Boer was up early and anxious to attend the “Retrospective of Chinese Painter Xin Sang” at the Boston Art Museum. The artworks, ranging across forty years, were exhibited with distinctive theme and style. Though the tender sentiments remained permeating the pieces, Boer could tell that the strokes, colors and forms of the paintings had evolved from being bold and expressionistic in his younger days into a subdued maturity.

Entering the last showroom, Boer was astounded at the portrait of a girl in a red shirt with two braided pigtails. Alongside it was a gold plate carved with the title “Boer.” Thirty years ago, Boer was a middle school student, good at painting. Mr. Sang was her art teacher. Often after classes, they would go to the villages nearby to draw. Boer admired Mr. Sang, who was 9 years her senior, and good at everything Boer was interested in, like singing and playing the accordion. Mr. Sang would sometimes be amazed by how extensively Boer read, and rationally she behaved for her age.

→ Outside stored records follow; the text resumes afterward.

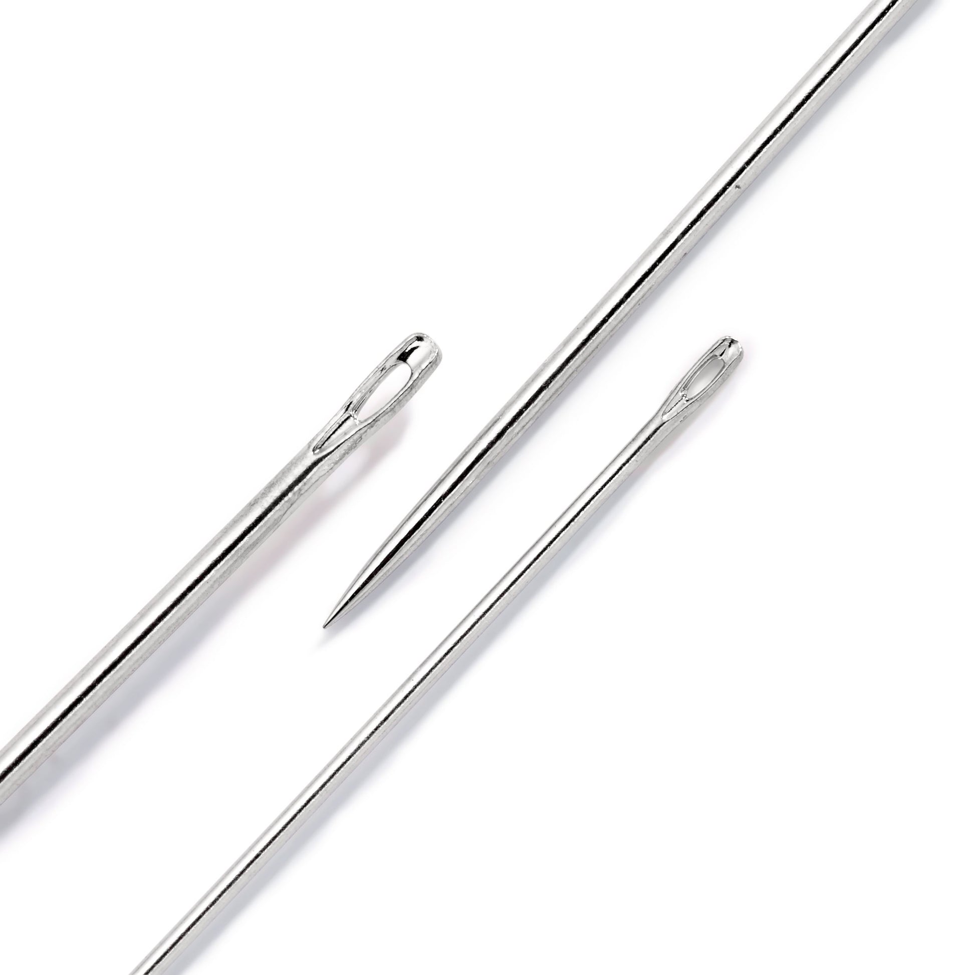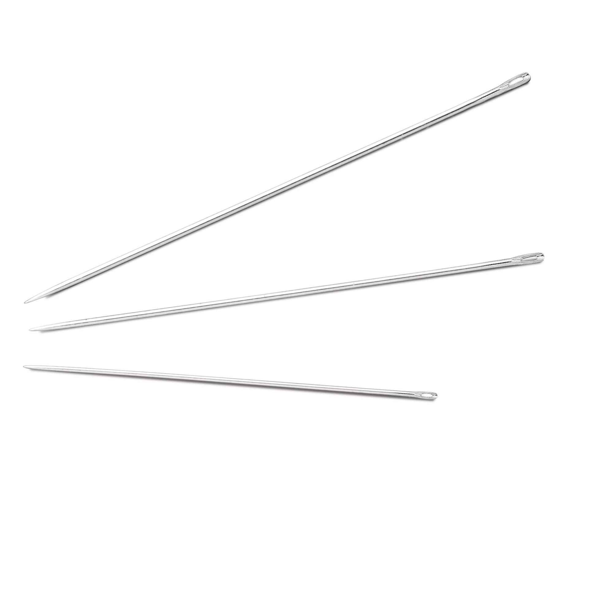 Millinery needles are comparatively longer than conventional hand sewing needles and are exceptionally suited for sewing firmer material such as in costume-making and millinery. Due to the fact that the stitches must generally be applied as invisibly as possible, this application requires a fine and long needle. These needles are made of hardened steel and have a burr-free embossed eye. Their fine, polished tip and the evenly-coated surface slide well through the material, while the balanced spring stiffness ensures ideal use elasticity.
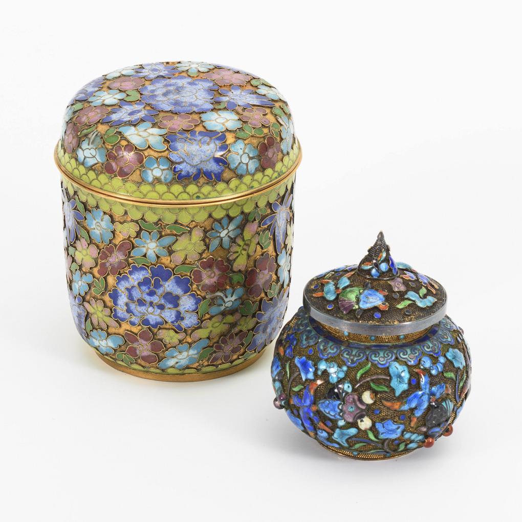 2 aufwändig gearbeitete Cloisonné-Dosen.
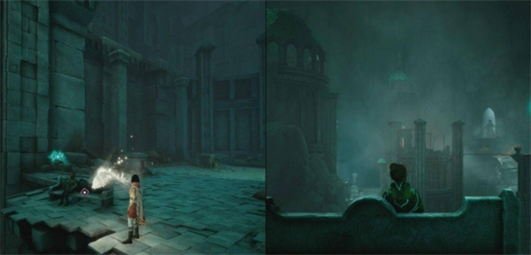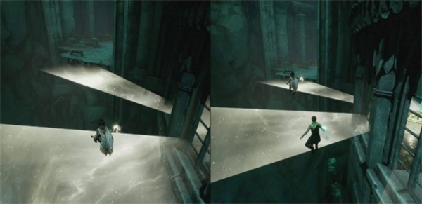 1、当推进这个任务到结尾的时候需要角色爬过水车,其中玩家一改变水车方向使玩家二能够借助其爬到顶端。
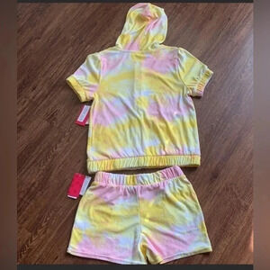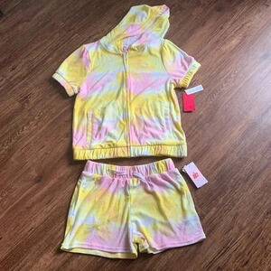 Juicy Couture Tie Dye Girls Set Terry Cloth Hoodie & Shorts X-Large New
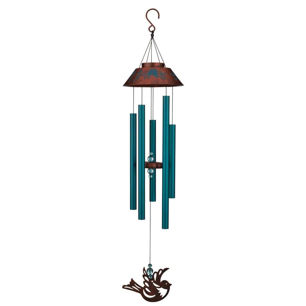 A rustic copper top, clapper and sail combine with turquoise tubes to make a rich combination of colors. The laser cut bird sail is ornamented with blue acrylic beads, and when it moves the clapper in the wind creates the ‘3 Little Birds’ song in the chimes. The decorative topper has stenciled blue birds on a branch that sets beautifully against the rustic copper color. A great sound and masterpiece of design. Available in 2 sizes – 32″ & 40″.
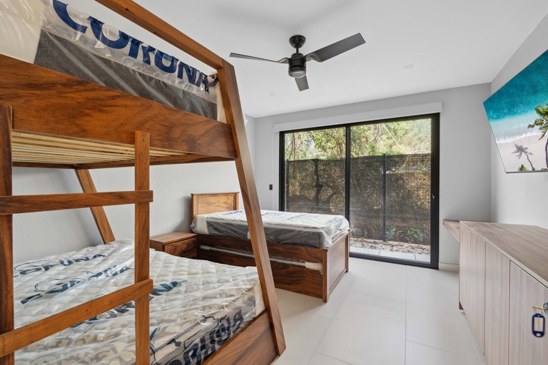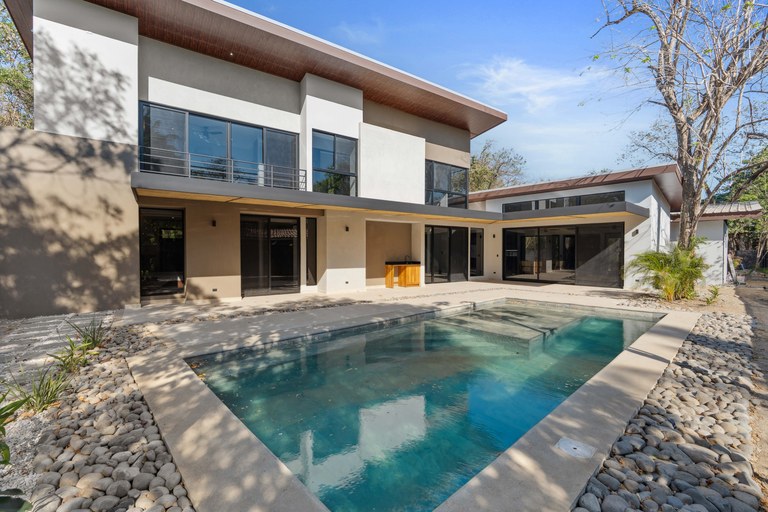 Discover Casa Las Baulas a luxurious coastal haven just 100 meters from the golden sands of Playa Grande. This impeccably designed home offers four spacious bedrooms, three with ensuite bathrooms, including a serene master suite featuring dual vanities and spa-like comfort. A modern, open layout separates the kitchen and living area from the private bedroom wing, offering both functionality and privacy. High ceilings and premium finishes create a bright, elegant atmosphere throughout, while the gentle sound of nearby waves provides a constant reminder of your unbeatable beachside location.
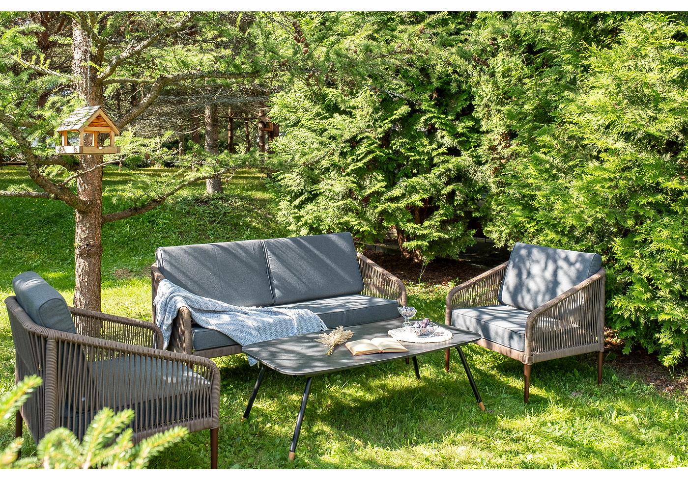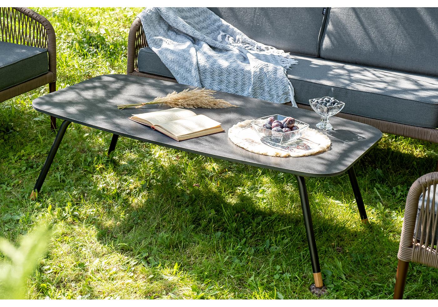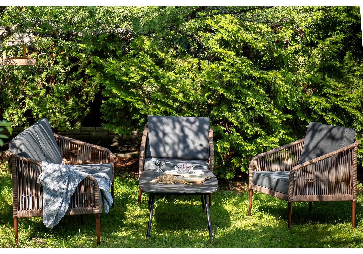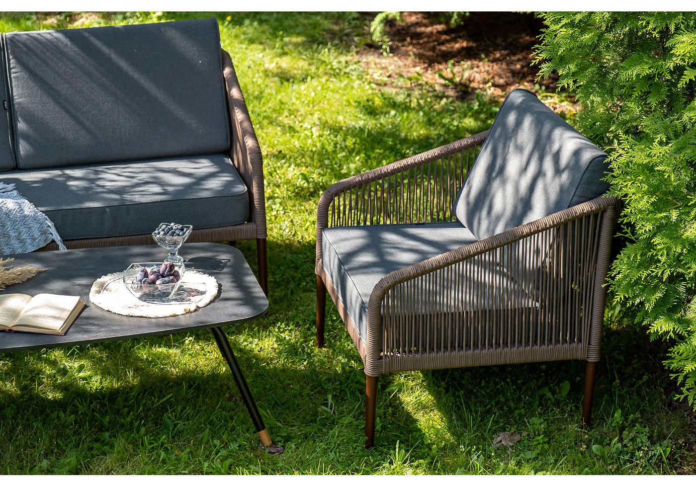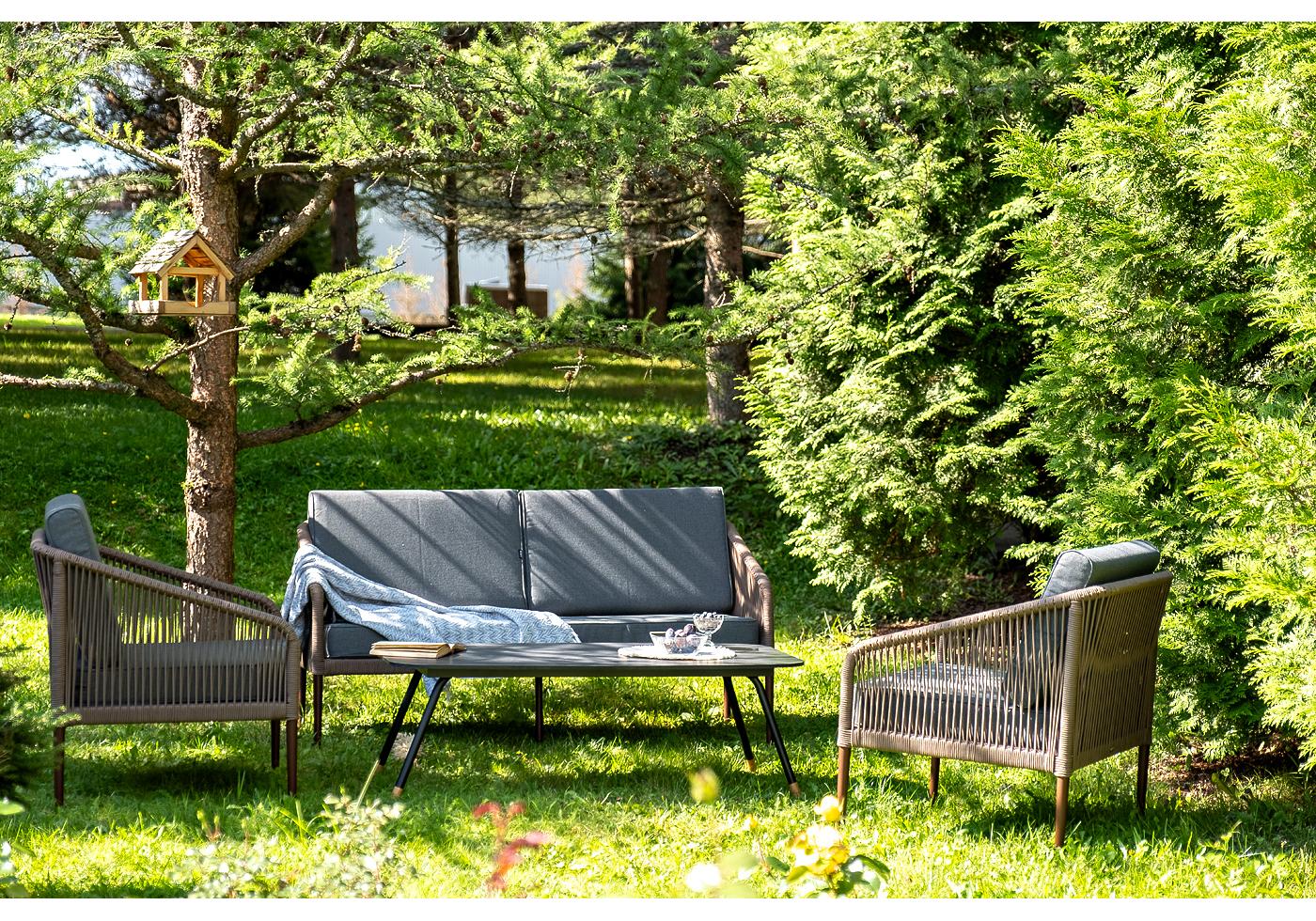 Кресла и диван идут в комплекте с мягкими подушками в чехлах темно-серого цвета. "Канны" диван 2-местный плетеный из роупа, каркас алюминий коричневый (RAL8016) муар, роуп коричневый круглый, ткань темно-серая 027 1шт. 1 500Х700Х750, "Канны" кресло плетеное из роупа, каркас алюминий коричневый (RAL8016) муар, роуп коричневый круглый, ткань темно-серая 027 2шт. 700Х700Х750, "Верона" журнальный стол из HPL 120х65, H40, каркас черный муар, цвет столешницы "серый гранит" 1шт. 1 200Х650Х400,

The young girl’s warm-toned world shattered when her parents found her diary. Her parents learned that her late stays at school were for excursions to rice patches and grassy rivers, and that her smiles came from his compliments, like “talented,” “beautiful,” and “stay with me a bit longer.” With these words, Mr. Sang had overstepped the rules of a teacher. Her parents politely asked him to stay away, and had her switch to another school.

Reluctantly, Boer went to Mr. Sang one last time to pick up her portfolio. On top of her drawings, she found a portrait of her, in a red shirt and two pigtails, her eyes full of expectation.

“I finished it yesterday, a gift for you. But it will take about two weeks to dry. We don’t have the time.” He said, looking at her sadly.

Boer backed away, holding the portfolio in her arms, and staining her shirt with red paint. After that day, Boer locked her brushes and easel in a trunk and never opened it again. She chose a path that led her further away from home. Along the way, she had numerous dates and an equal number of breakups. Eventually, she married and, perhaps inevitably, divorced.

Throughout the years, Boer had come across Xin Sang’s name unanticipated several times. In her second year of college, she saw in a student newspaper that one of his paintings had received the silver medal in a national art competition. A couple of years later, a leading art journal declared him a leader of the avant-garde. The first time Boer went back to China from the US, where she pursued her doctorate in statistics, she was surprised to see him interviewed on TV.

“You were just fifteen,” Boer’s mother said reading her daughter’s mind. “What could we do? You met the right person at the wrong time.”

“Let the past stay in the past. ” Boer whispered.

Two months after the show was over, an unexpected package arrived. Inside, Boer found the portrait and a note. “Boer, keep this one instead. It’s dried completely. Time is magic…”

【500字小說練習(xí)】

東京美術(shù)館

(圖文都是伊卷舒原創(chuàng),禁止抄襲)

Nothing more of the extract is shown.